**DATA SUPPLIED**
* * * * * * * * *
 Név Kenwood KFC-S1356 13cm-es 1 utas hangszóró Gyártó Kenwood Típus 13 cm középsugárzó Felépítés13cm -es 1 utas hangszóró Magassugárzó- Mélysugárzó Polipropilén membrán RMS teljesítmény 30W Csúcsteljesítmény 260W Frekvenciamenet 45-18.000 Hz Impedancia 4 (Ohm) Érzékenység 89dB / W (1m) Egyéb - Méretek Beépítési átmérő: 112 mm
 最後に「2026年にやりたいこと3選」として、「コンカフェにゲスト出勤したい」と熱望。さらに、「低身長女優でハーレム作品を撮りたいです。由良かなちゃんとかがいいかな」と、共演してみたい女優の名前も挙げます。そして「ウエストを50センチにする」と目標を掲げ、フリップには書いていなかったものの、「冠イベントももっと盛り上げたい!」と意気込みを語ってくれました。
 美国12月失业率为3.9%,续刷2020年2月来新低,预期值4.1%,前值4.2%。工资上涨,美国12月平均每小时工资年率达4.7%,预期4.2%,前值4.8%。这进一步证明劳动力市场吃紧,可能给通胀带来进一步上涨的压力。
* * * * * * * * *
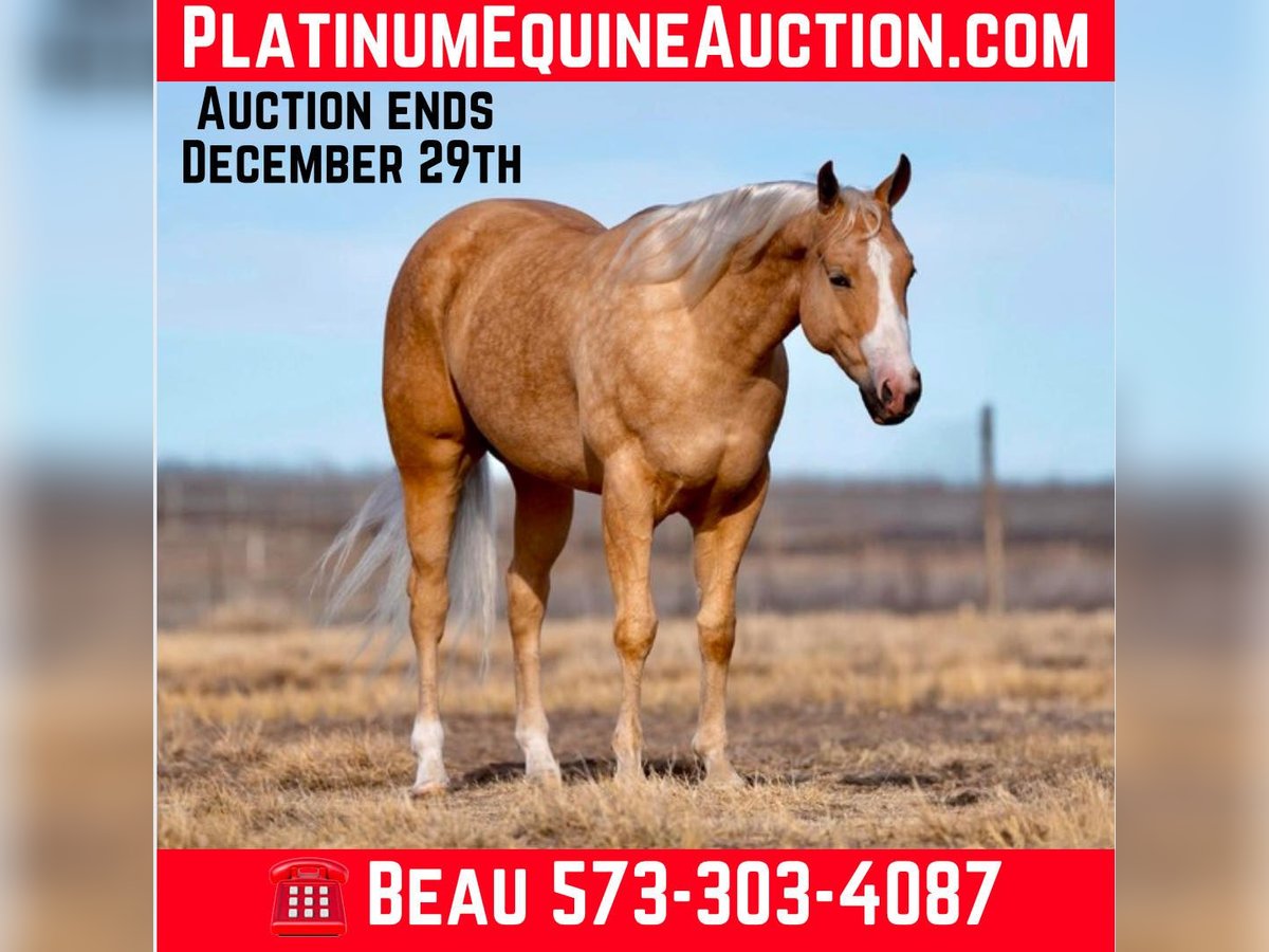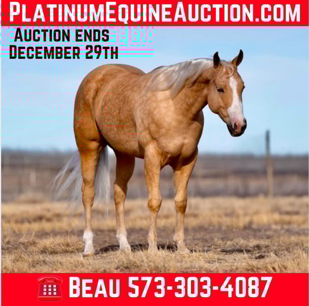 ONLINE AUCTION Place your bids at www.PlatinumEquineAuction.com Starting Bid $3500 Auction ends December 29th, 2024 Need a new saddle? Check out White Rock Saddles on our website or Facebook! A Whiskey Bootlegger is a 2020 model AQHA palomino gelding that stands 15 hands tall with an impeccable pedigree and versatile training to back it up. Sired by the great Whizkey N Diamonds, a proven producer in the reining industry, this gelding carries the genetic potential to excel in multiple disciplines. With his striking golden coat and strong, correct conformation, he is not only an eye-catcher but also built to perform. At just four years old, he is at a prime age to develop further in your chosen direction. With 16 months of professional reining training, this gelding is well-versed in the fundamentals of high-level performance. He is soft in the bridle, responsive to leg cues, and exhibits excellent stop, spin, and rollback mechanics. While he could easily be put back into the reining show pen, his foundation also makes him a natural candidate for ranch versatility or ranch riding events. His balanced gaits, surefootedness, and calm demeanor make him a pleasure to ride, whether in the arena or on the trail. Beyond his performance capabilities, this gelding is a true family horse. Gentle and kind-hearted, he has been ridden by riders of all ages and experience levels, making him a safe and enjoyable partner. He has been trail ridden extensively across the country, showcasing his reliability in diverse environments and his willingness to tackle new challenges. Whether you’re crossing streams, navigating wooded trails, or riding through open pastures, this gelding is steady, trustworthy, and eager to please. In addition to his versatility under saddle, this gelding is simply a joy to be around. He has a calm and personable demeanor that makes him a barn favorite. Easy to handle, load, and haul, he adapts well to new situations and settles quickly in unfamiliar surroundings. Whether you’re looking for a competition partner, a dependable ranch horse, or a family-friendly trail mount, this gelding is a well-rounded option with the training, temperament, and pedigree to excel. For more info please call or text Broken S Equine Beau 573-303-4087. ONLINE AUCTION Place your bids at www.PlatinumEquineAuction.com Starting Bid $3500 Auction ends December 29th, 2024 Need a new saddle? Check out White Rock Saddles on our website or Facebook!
* * * * * * * * *
**PROBLEM REQUIREMENTS**
From the data above, return every line from the line that has "Név Kenwood KFC-S1356" up to and including the line that has "美国12月失业率为3.9%,续刷2020", exactly.

**RESULT**
 Név Kenwood KFC-S1356 13cm-es 1 utas hangszóró Gyártó Kenwood Típus 13 cm középsugárzó Felépítés13cm -es 1 utas hangszóró Magassugárzó- Mélysugárzó Polipropilén membrán RMS teljesítmény 30W Csúcsteljesítmény 260W Frekvenciamenet 45-18.000 Hz Impedancia 4 (Ohm) Érzékenység 89dB / W (1m) Egyéb - Méretek Beépítési átmérő: 112 mm
 最後に「2026年にやりたいこと3選」として、「コンカフェにゲスト出勤したい」と熱望。さらに、「低身長女優でハーレム作品を撮りたいです。由良かなちゃんとかがいいかな」と、共演してみたい女優の名前も挙げます。そして「ウエストを50センチにする」と目標を掲げ、フリップには書いていなかったものの、「冠イベントももっと盛り上げたい!」と意気込みを語ってくれました。
 美国12月失业率为3.9%,续刷2020年2月来新低,预期值4.1%,前值4.2%。工资上涨,美国12月平均每小时工资年率达4.7%,预期4.2%,前值4.8%。这进一步证明劳动力市场吃紧,可能给通胀带来进一步上涨的压力。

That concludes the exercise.